For all the autonomy and civil liberties allowed us in the West, few places seem as powerless and irrelevant as a quaint suburban home during times of global civil unrest. The events of July 17, 2014—the day MH-17 was shot out of the sky with 298 souls on board, the day Israel launched its ground offensive into Gaza—drove this point home for me.

Like many others, world events already had me troubled. I'd been dreaming of the Central American mothers sending their children, their babies, on an unaccompanied journey of 1,000 miles through dangerous territory. The macabre massacre of Christians in Egypt, Iraq, Pakistan, Syria, and Kenya left me guilt-ridden over my own relative safety and questioning how efficacious I'd been in stewarding my liberties.

I've long been frustrated by my own impotence to enact meaningful change. What could I do about the desecration of the bodies in the eastern Ukrainian sunflower fields? What were my prayers against the towering history of civil unrest in Israel? I am just a poet, a work-at-home mom in Middle America. My children are young, and the bulk of my energy and life are hidden inside theirs. And though sometimes I worry that it is all for naught and I struggle with guilt over not being able to do more, I know the aim of these years of deep investment in the character of my children is a better, kinder world.

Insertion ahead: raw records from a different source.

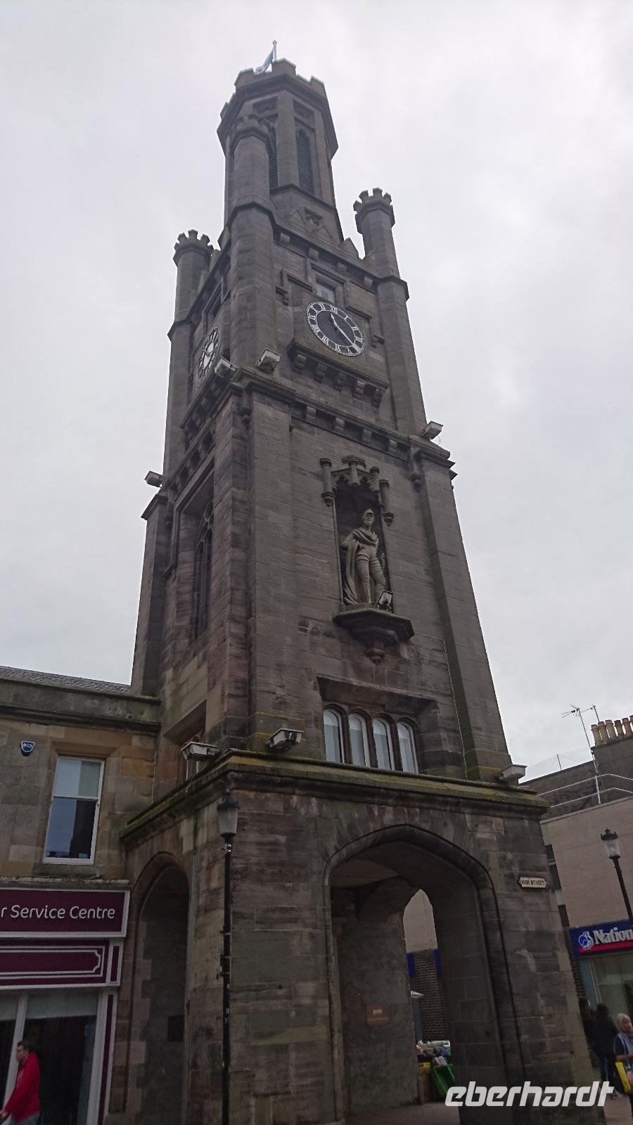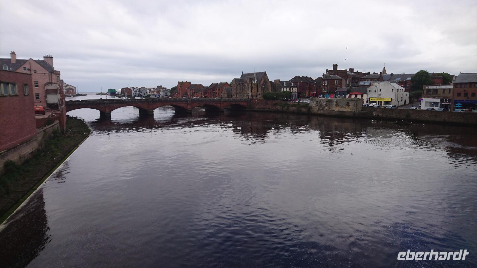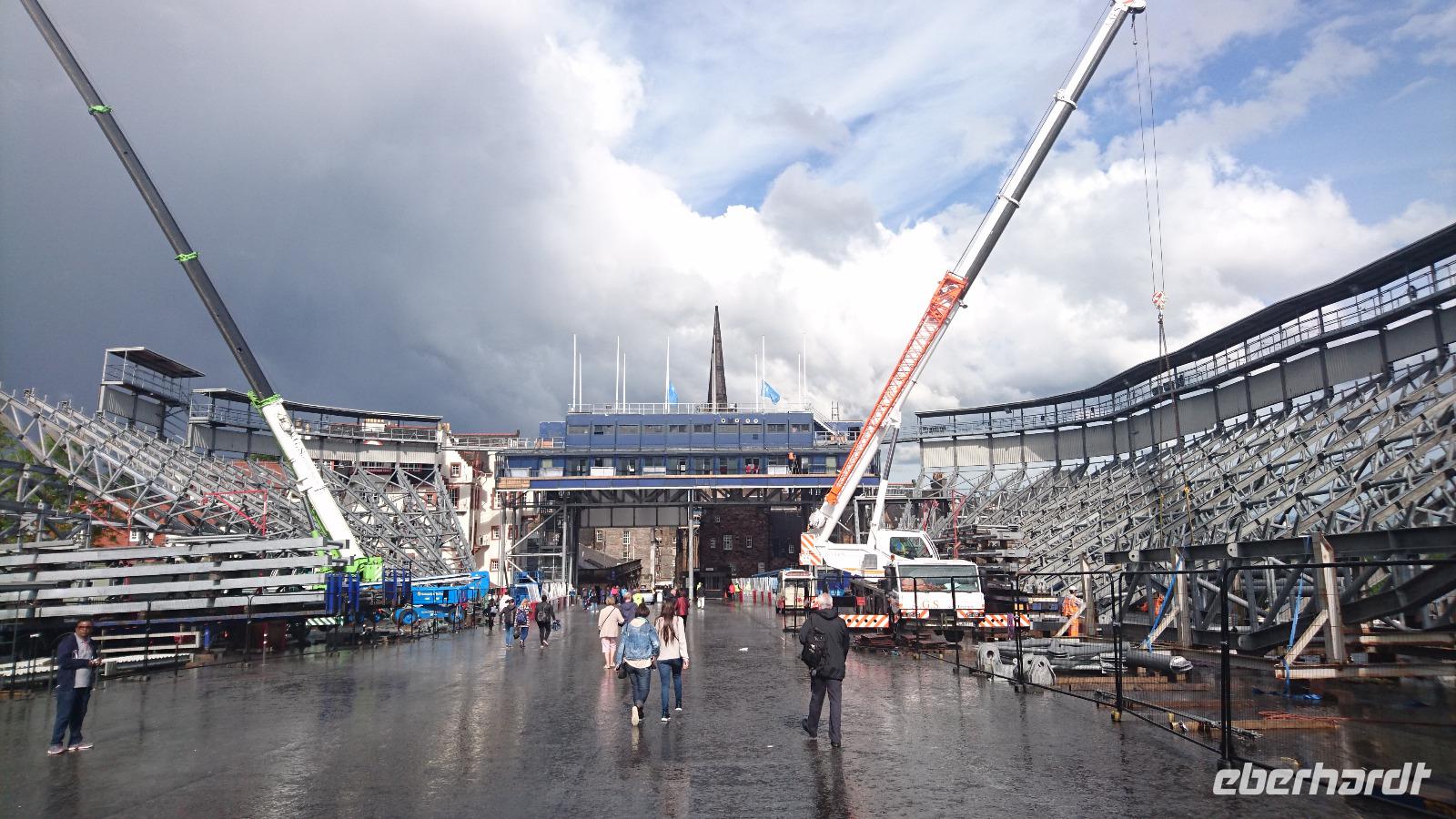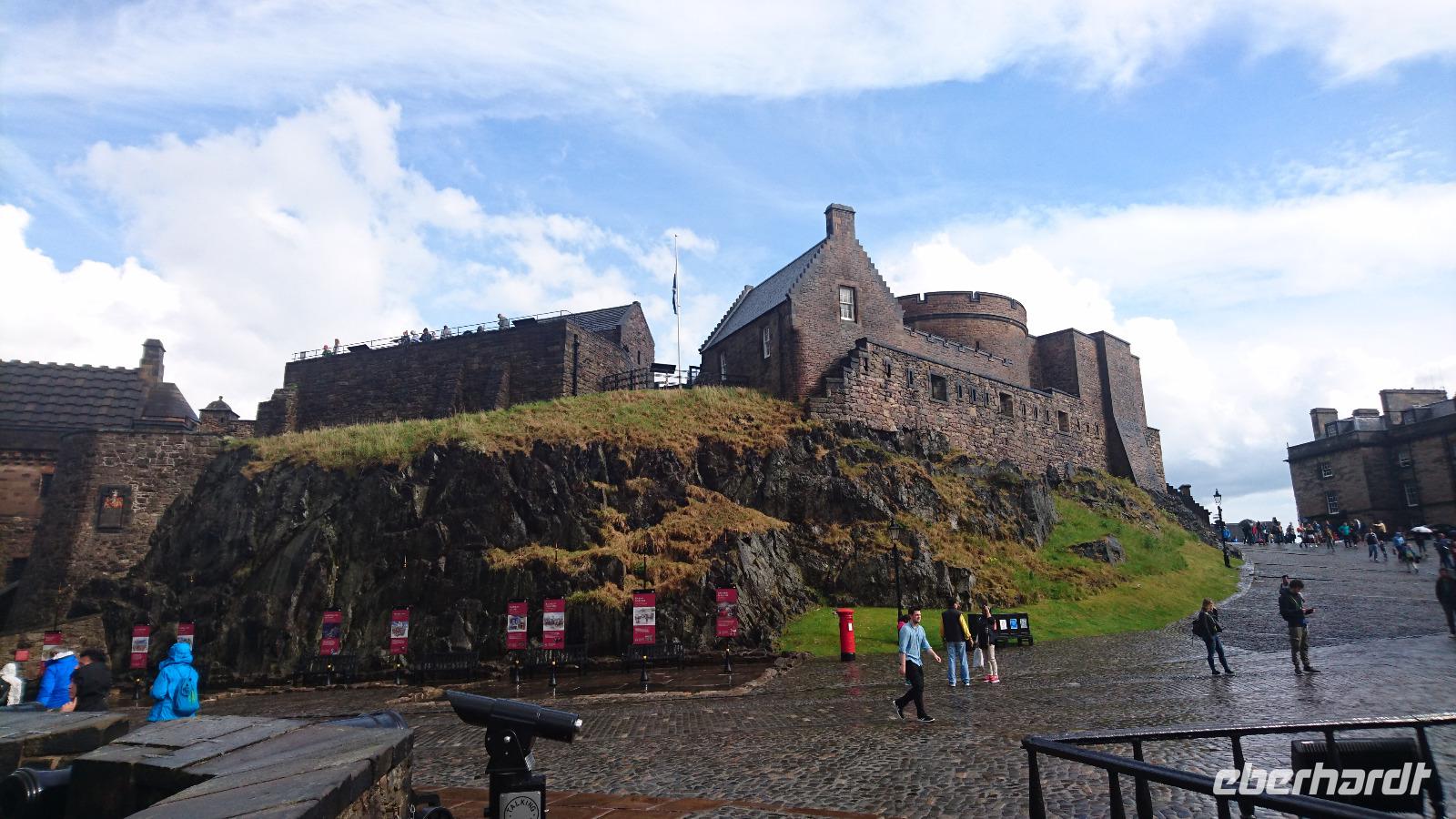 Am Morgen weckte man uns an Bord mit einem Rundruf und wir hatten noch genügend Zeit, um uns frisch geduscht das Frühstück schmecken zu lassen. Währenddessen legte die Fähre bereits im Fährhafen von Newcastle upon Tyne an. Wie mit Stefan besprochen, trafen wir uns auf Deck 8, stellten die Uhren um eine Stunde zurück auf englische Zeit, die uns nun die nächsten Tage begleiten sollte, und konnten dann recht schnell hinunter zur Passkontrolle. Das Vereinigte Königreich, noch EU-Mitglied und doch stets um seine Einreisenden bemüht, begrüßte uns mit Wind und etwas Regen und so störte es uns nicht, dass die Passformalitäten etwas länger dauerten. Thomas musste mit dem Bus auch noch warten und schließlich trafen wir doch alle am Fährterminal zusammen, konnten also nach den Klängen der Hymne des Vereinigten Königreiches und dem Schwenken der beiden hier gültigen Fahnen, der Union Jack und der Fahne Englands, unsere Reise gen Schottland beginnen. Stefan erzählte uns über die alten Römer, die von Newcastle bis hinüber nach Carlisle einst nach dem Antoniuswall weiter nördlich hier den Hadrianswall errichteten und bald erreichten wir den schottischen Grenzstein, wo uns der Borderpiper mit Dudelsack im Regen empfing. Von da ging es weiter nach Jedburgh. Im Schatten der Abbey-Ruine nahmen wir unseren Mittagsimbiss ein und starteten dann wieder gen Edinburgh. Am Nachmittag nahmen wir dort am Brooks-Hotel unsere Fluggäste auf, die schon am Vortag ankamen und die Stadt bereits auf eigene Faust erkundeten. Unsere Stadtführerin Majorie zeigte uns nun noch ganz andere Seiten ihrer Heimatstadt und brachte uns die Schotten mit Witz und guten Anekdoten näher, ehe wir das Castle besichtigten und nach diesen gewaltigen Eindrücken die Stadt per Bus verließen. Am Firth of Forth fuhren wir über die berühmte Road-Bridge, schauten vom Aussichtspunkt auch zur Railroad-Briodge und zur Baustelle der dritten, wohl noch 2017 oder 2018 fertigzustellenden neuen Straßenbrücke als wichtige Verbindung von Schottlands Hauptstadt in den Norden des Landes. Danach fuhren wir nach Livingston in unser Hotel und ließen dort den tag ausklingen.
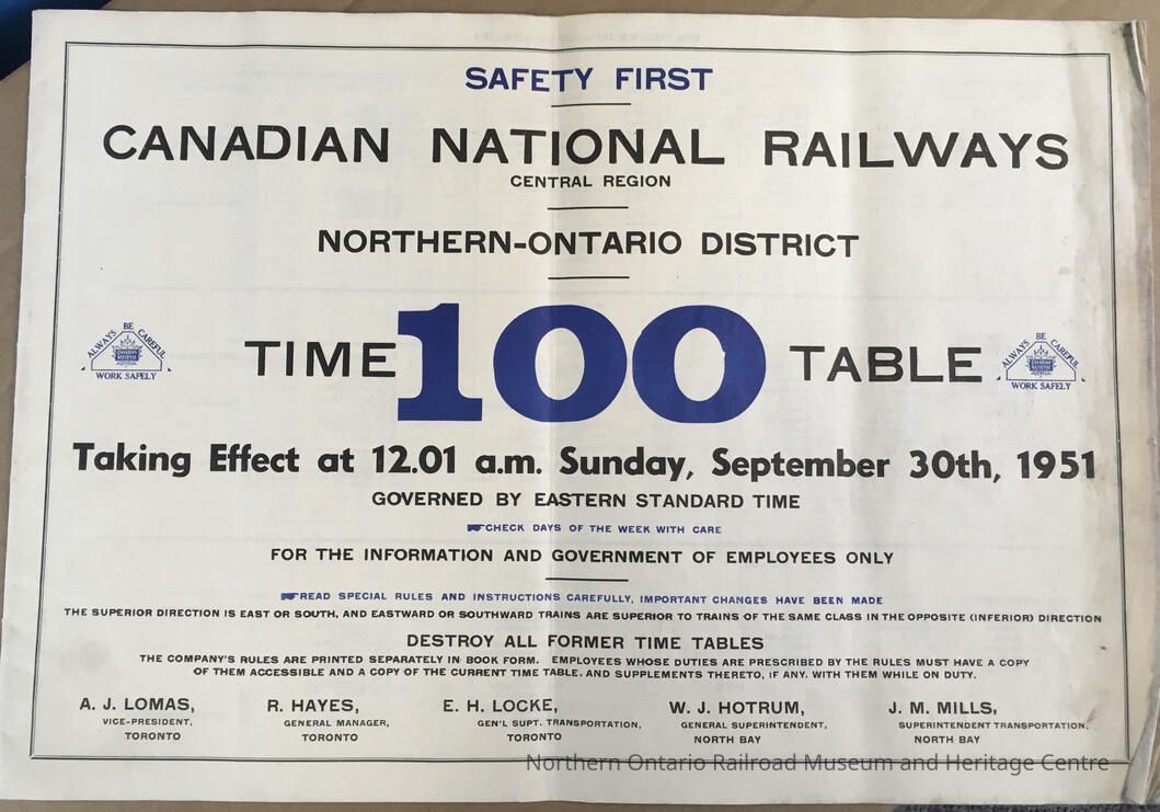 Canadian National Railways, Central Region, Northern Ontario District, Timetable 100, 1951Entry/Object ID
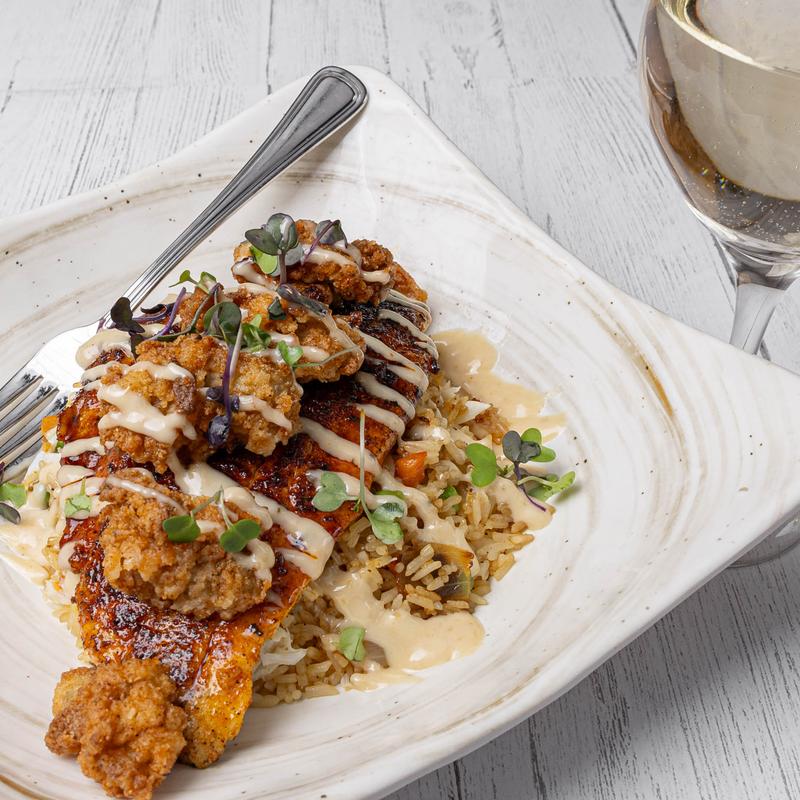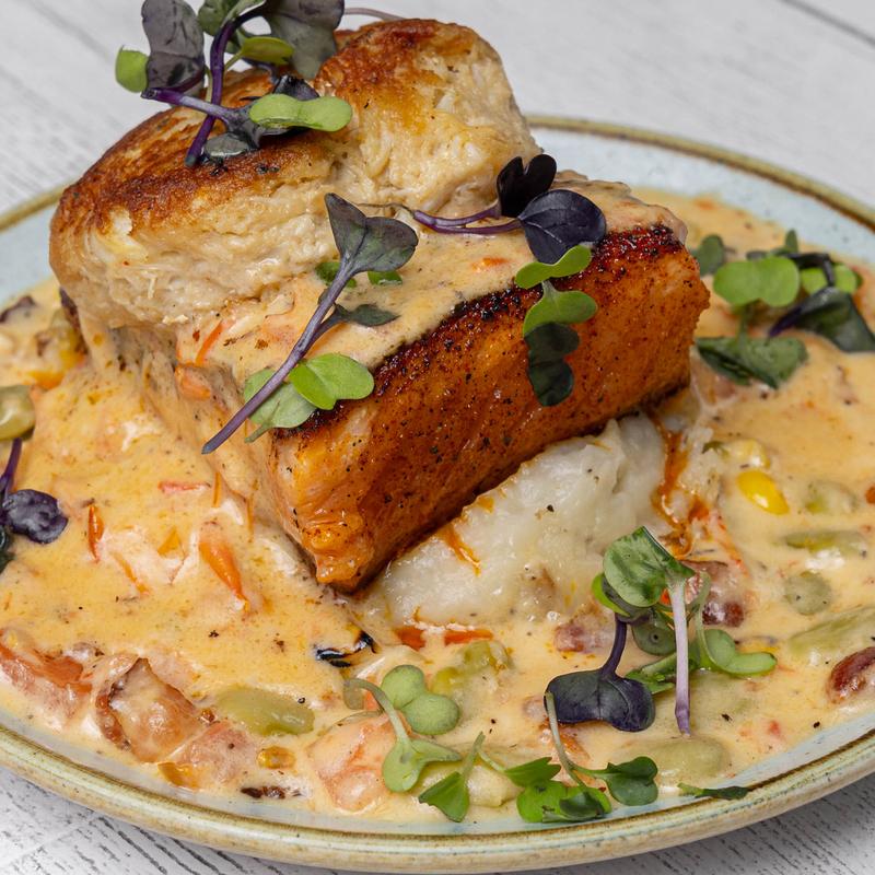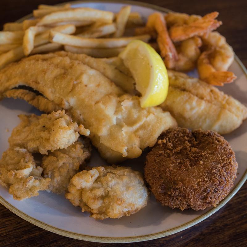 Love love love. The complimentary hush puppies with the sweet honey butter are to die for! The scenery by goat island is lovely as well, and a great walk after dinner. We all enjoyed our meal here while on vacation, no complaints. Our server was super friendly and the food was all delicious. The she crab and clam chowder were some of the best soups I've ever tasted! My husband ordered a salad with fried oysters, and I had a crab cake sandwich, yum.

In The New York Times, Wharton professor Adam Grant discussed the research on what it takes to raise a moral child. For all the emphasis we put on wanting our children to be successful, it seems that what parents the world over want most all is to raise thoughtful, caring individuals. One study found that in more than 50 countries, what matters most of all to parents is that our children be benevolent, good, and kind. The trouble is that we're not always able to do that. In an Israeli study of 600 families, researchers found parents who strongly desire to instill moral values frequently aren't able to do so.

Though parents report a desire to raise moral, caring individuals, children aren't getting that message. In a another study of 10,000 middle and high school students in 33 schools across the country, researchers at the Harvard School of Education found that when it comes to what children value, caring ranks a distant third behind both achievement and personal happiness.

Children neither prioritize caring for others nor see key people in their lives, including parents and teachers, as prioritizing it. Only 19 percent of students said that caring was their parents' top priority, while 54 percent reported achievement and 27 percent happiness as their parents' top priority.